**Your task:**
With pictures left out, set down every record word for word.
(The data Opens)
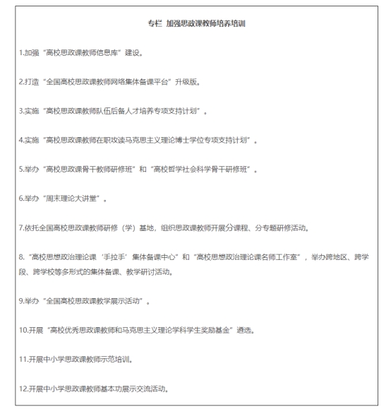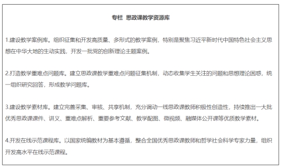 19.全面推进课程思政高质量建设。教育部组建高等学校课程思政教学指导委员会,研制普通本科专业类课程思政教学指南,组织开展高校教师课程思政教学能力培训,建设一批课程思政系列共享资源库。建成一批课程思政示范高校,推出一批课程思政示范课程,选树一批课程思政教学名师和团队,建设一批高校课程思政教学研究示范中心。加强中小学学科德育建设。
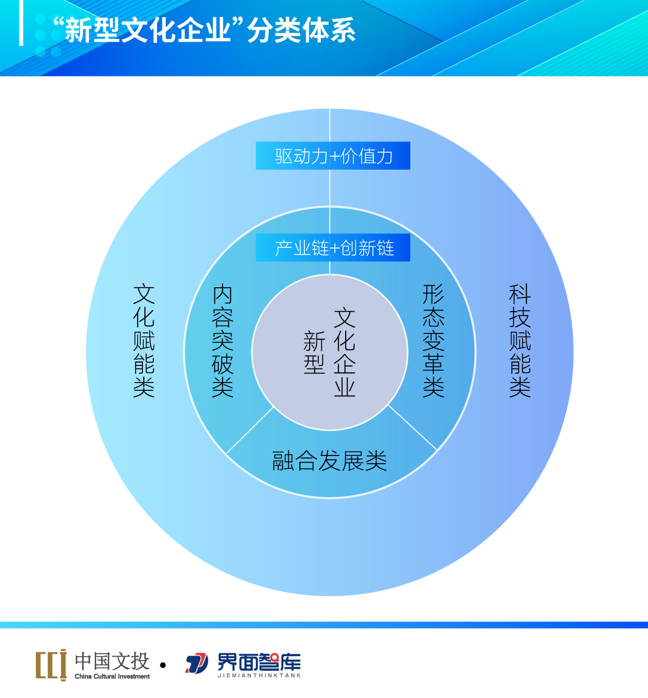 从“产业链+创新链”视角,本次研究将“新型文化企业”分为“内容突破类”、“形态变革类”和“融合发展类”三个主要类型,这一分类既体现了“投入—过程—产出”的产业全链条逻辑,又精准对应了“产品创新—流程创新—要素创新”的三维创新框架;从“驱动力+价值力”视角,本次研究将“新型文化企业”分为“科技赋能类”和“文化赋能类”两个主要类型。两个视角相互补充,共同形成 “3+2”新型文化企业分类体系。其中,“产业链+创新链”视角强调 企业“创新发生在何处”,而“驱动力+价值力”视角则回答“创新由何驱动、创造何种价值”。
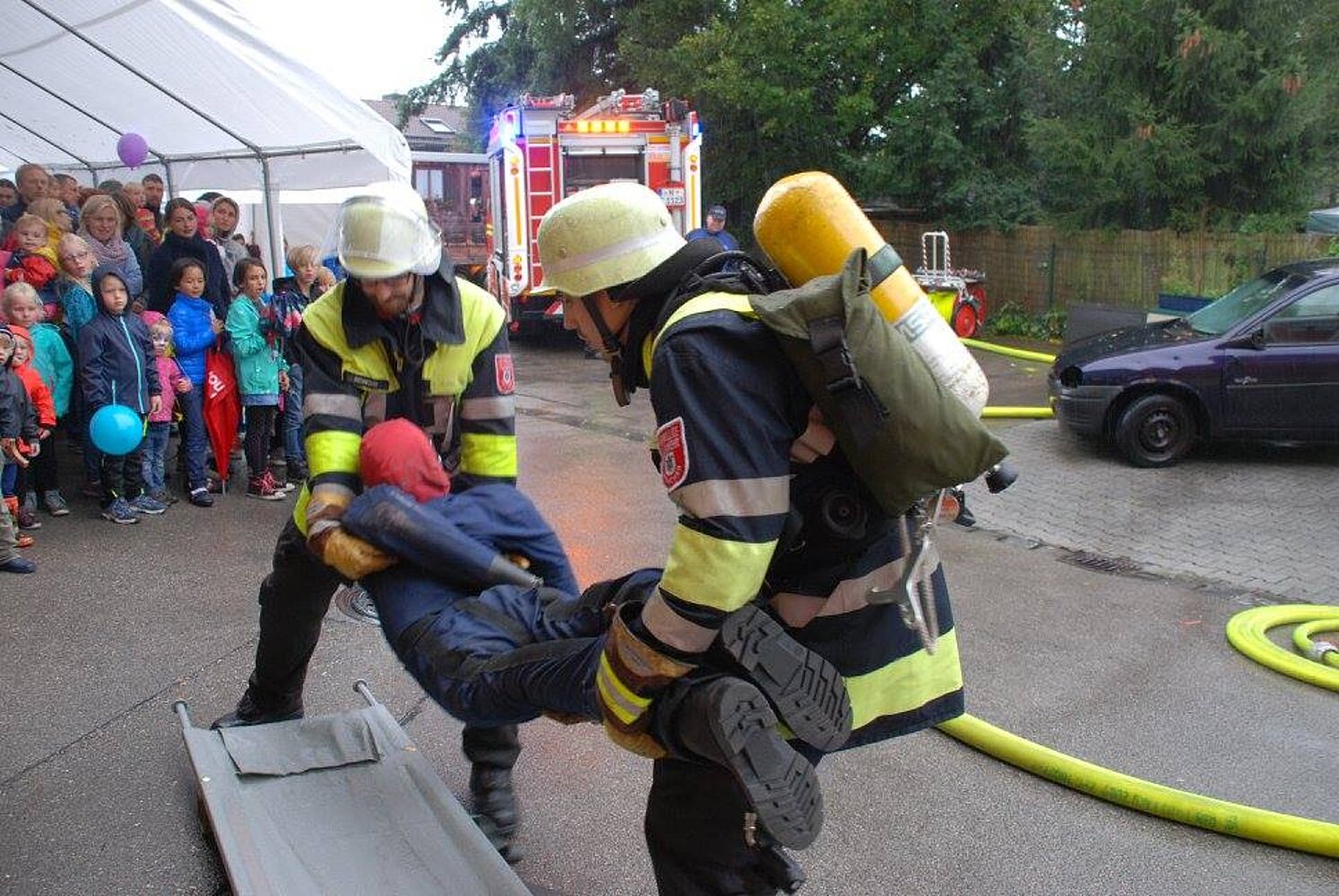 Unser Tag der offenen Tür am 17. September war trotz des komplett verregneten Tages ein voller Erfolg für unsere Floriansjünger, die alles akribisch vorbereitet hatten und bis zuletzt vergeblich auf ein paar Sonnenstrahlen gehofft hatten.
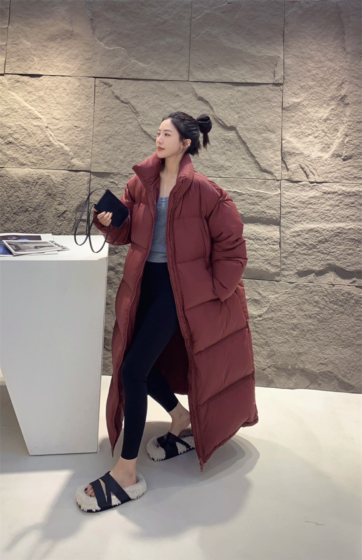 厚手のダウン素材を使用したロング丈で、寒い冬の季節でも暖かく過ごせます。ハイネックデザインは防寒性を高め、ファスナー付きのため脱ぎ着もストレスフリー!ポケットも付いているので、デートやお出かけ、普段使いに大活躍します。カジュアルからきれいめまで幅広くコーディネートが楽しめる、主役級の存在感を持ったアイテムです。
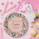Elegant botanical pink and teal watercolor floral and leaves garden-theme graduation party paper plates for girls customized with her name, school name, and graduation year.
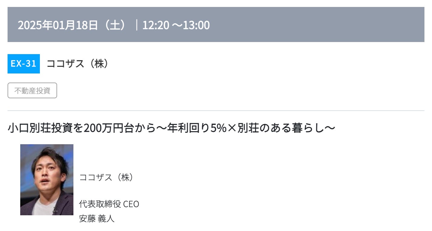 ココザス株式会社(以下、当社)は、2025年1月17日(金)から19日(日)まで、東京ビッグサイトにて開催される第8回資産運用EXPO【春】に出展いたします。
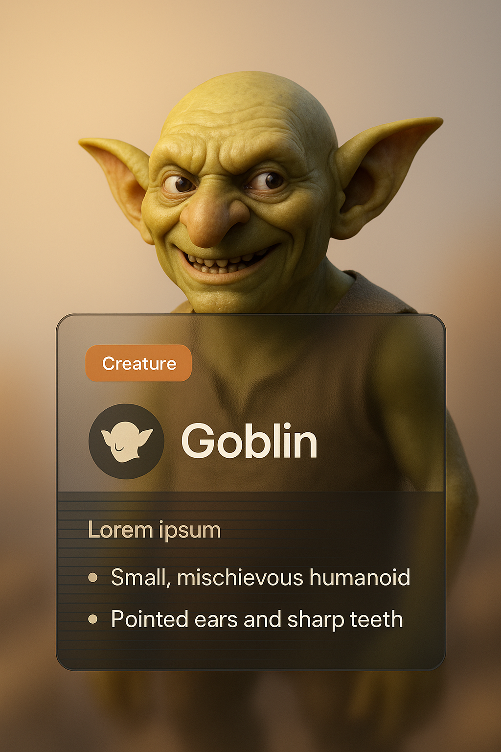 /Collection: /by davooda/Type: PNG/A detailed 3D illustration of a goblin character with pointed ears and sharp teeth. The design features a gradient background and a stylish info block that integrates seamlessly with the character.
(The data Closes)
**Answer to this task:**
 19.全面推进课程思政高质量建设。教育部组建高等学校课程思政教学指导委员会,研制普通本科专业类课程思政教学指南,组织开展高校教师课程思政教学能力培训,建设一批课程思政系列共享资源库。建成一批课程思政示范高校,推出一批课程思政示范课程,选树一批课程思政教学名师和团队,建设一批高校课程思政教学研究示范中心。加强中小学学科德育建设。
 从“产业链+创新链”视角,本次研究将“新型文化企业”分为“内容突破类”、“形态变革类”和“融合发展类”三个主要类型,这一分类既体现了“投入—过程—产出”的产业全链条逻辑,又精准对应了“产品创新—流程创新—要素创新”的三维创新框架;从“驱动力+价值力”视角,本次研究将“新型文化企业”分为“科技赋能类”和“文化赋能类”两个主要类型。两个视角相互补充,共同形成 “3+2”新型文化企业分类体系。其中,“产业链+创新链”视角强调 企业“创新发生在何处”,而“驱动力+价值力”视角则回答“创新由何驱动、创造何种价值”。
 Unser Tag der offenen Tür am 17. September war trotz des komplett verregneten Tages ein voller Erfolg für unsere Floriansjünger, die alles akribisch vorbereitet hatten und bis zuletzt vergeblich auf ein paar Sonnenstrahlen gehofft hatten.
 厚手のダウン素材を使用したロング丈で、寒い冬の季節でも暖かく過ごせます。ハイネックデザインは防寒性を高め、ファスナー付きのため脱ぎ着もストレスフリー!ポケットも付いているので、デートやお出かけ、普段使いに大活躍します。カジュアルからきれいめまで幅広くコーディネートが楽しめる、主役級の存在感を持ったアイテムです。
Elegant botanical pink and teal watercolor floral and leaves garden-theme graduation party paper plates for girls customized with her name, school name, and graduation year.
 ココザス株式会社(以下、当社)は、2025年1月17日(金)から19日(日)まで、東京ビッグサイトにて開催される第8回資産運用EXPO【春】に出展いたします。
 /Collection: /by davooda/Type: PNG/A detailed 3D illustration of a goblin character with pointed ears and sharp teeth. The design features a gradient background and a stylish info block that integrates seamlessly with the character.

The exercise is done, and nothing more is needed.